Founded as Wilmington High School, Banning High School was renamed in honor of General Phineas Banning when a newer facility at Avalon Boulevard and Pacific Coast Highway was opened in 1926. The red brick building was a landmark in the Wilmington town for many years. The ivy covered brick building suffered damage in the 1971 Sylmar earthquake and was torn down in 1973. For three years, classes were held in bungalows while the new building was being constructed. In fall 1975, the new building was opened on the grounds with a Lakme Avenue address. Along with the new building, a new gymnasium and swimming pool were added to the campus—the home of the Banning Pilots.

It was in the Los Angeles City High School District until 1961, when it merged into LAUSD.
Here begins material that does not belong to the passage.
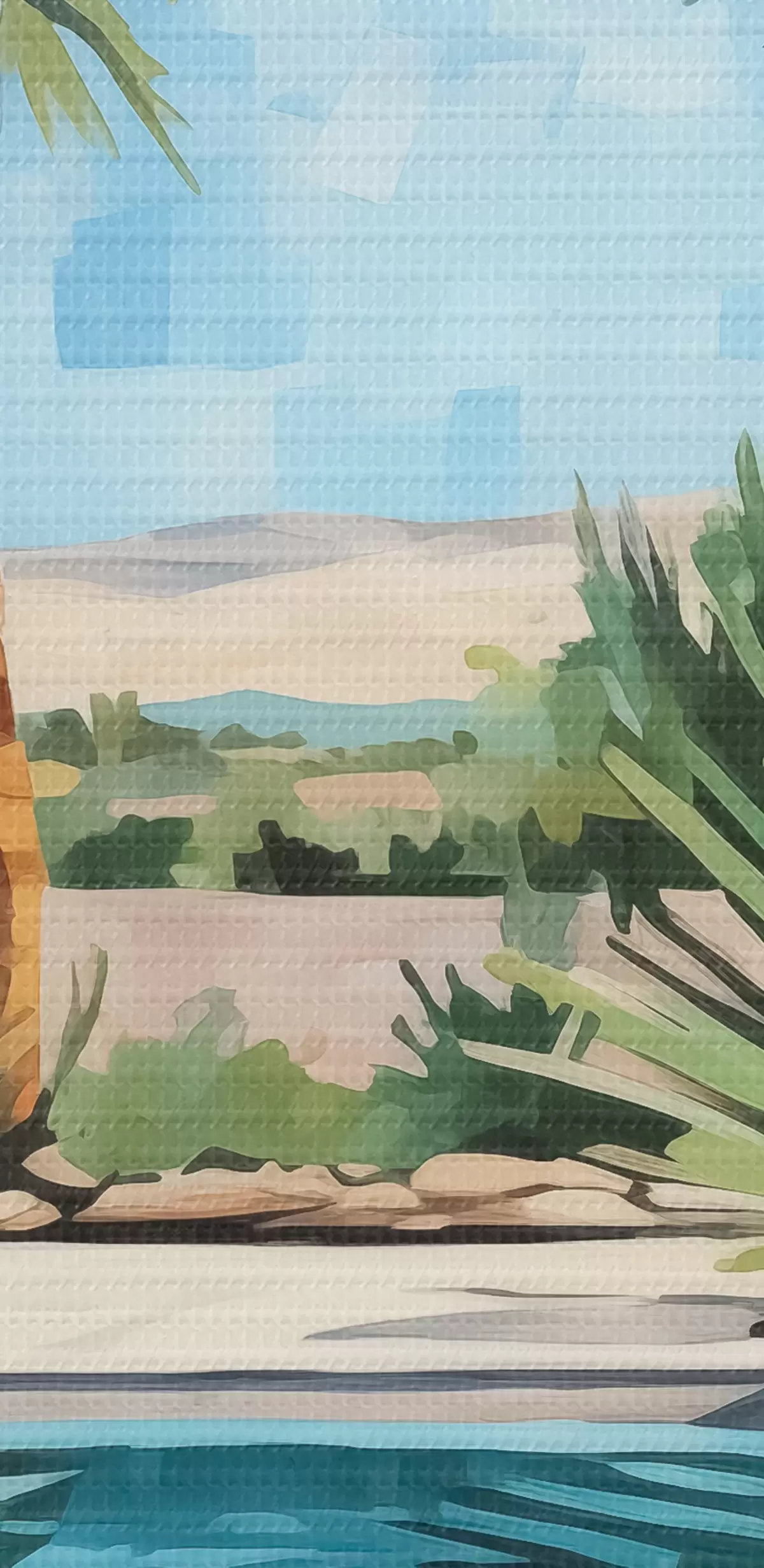 Tableau Palmiers près de l'hôtel avec une piscine près des rochers, couleur bleu, vert, rouge Nr s40748
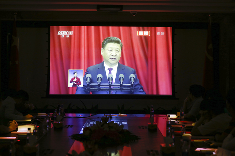重溫莊嚴的入黨誓詞禮畢后,上午十點,全體黨員通過網絡實時觀看了中央電視臺直播的建黨95周年慶祝大會。

After several years of repeated failure to improve its unsatisfactory performance, Banning High School entered LAUSD's Public School Choice process in 2012, which allowed teacher teams to develop reform plans. As a result, the Banning High School campus is slated to be divided into two schools: Banning High School (since state law prevents failing schools from changing their names) and the Banning Academies of Creative and Innovative Sciences (BACIS), a teacher-designed school with a design based on current educational research. BACIS was scheduled to open as a Small Learning Community in Fall 2013 and to become a separate school on the shared campus in Fall 2014. Its website describes itself as "composed of three themed academies, the Academy of Manufacturing and Engineering, the Academy of Computer Science and Digital Arts, and the Business and Technology Magnet."

==Demographics==
As of the school year 2024–25, there were a total of 2,422 students with the following racial/ethic enrollment:

- 94.01% Hispanic (2,277)
- 1.94% White (49)
- 1.65% Black (40)
- 1.16% Asian (28)
- <1% Native Hawaiian / Pacific Islander (18)
- <1%Two or More Races (11)
- <1% Native American / Alaska Native (1)

==Facilities==
A new building was built in 1975 to replace the 'old' red ivy covered brick building, which was damaged during the 1971 Sylmar earthquake and was a landmark in Wilmington for many years. A new gym and a swimming pool were added to the campus.

==Notable Alumni==

- Tonie Campbell Olympic Bronze medalist
- Michael Chambers
- Vince Ferragamo
• Jack Gifford
- Jeff Griffin
- Dan Guerrero
- Courtney Hall
• Wilder W. Hartley (Los Angeles City Council member)
- Jamelle Holieway
- Leroy Holt
- Steve Lewis
- Frank Manumaleuna
- Fred Matua
- Freeman McNeil
• Bryan Proby
- Danny Reece
- Steve Rivera
- Tyrone Rodgers
- Ron Settles
- Thuy Trang, actress
- Rodney Agatupu Anoaʻi, WWF Yokozuna 1992-1998
- Mark Tucker
- Joel Olivares
- Peter "Navy" Tuiasosopo
- Bob Whitfield
- Stanley Wilson
- Brett Young — former CFL defensive back.
- Mike Busby — former MLB pitcher for the St. Louis Cardinals.
- Travis Davis — former NFL safety.
• Ernie Kell — mayor of Long Beach, California from 1984 to 1994"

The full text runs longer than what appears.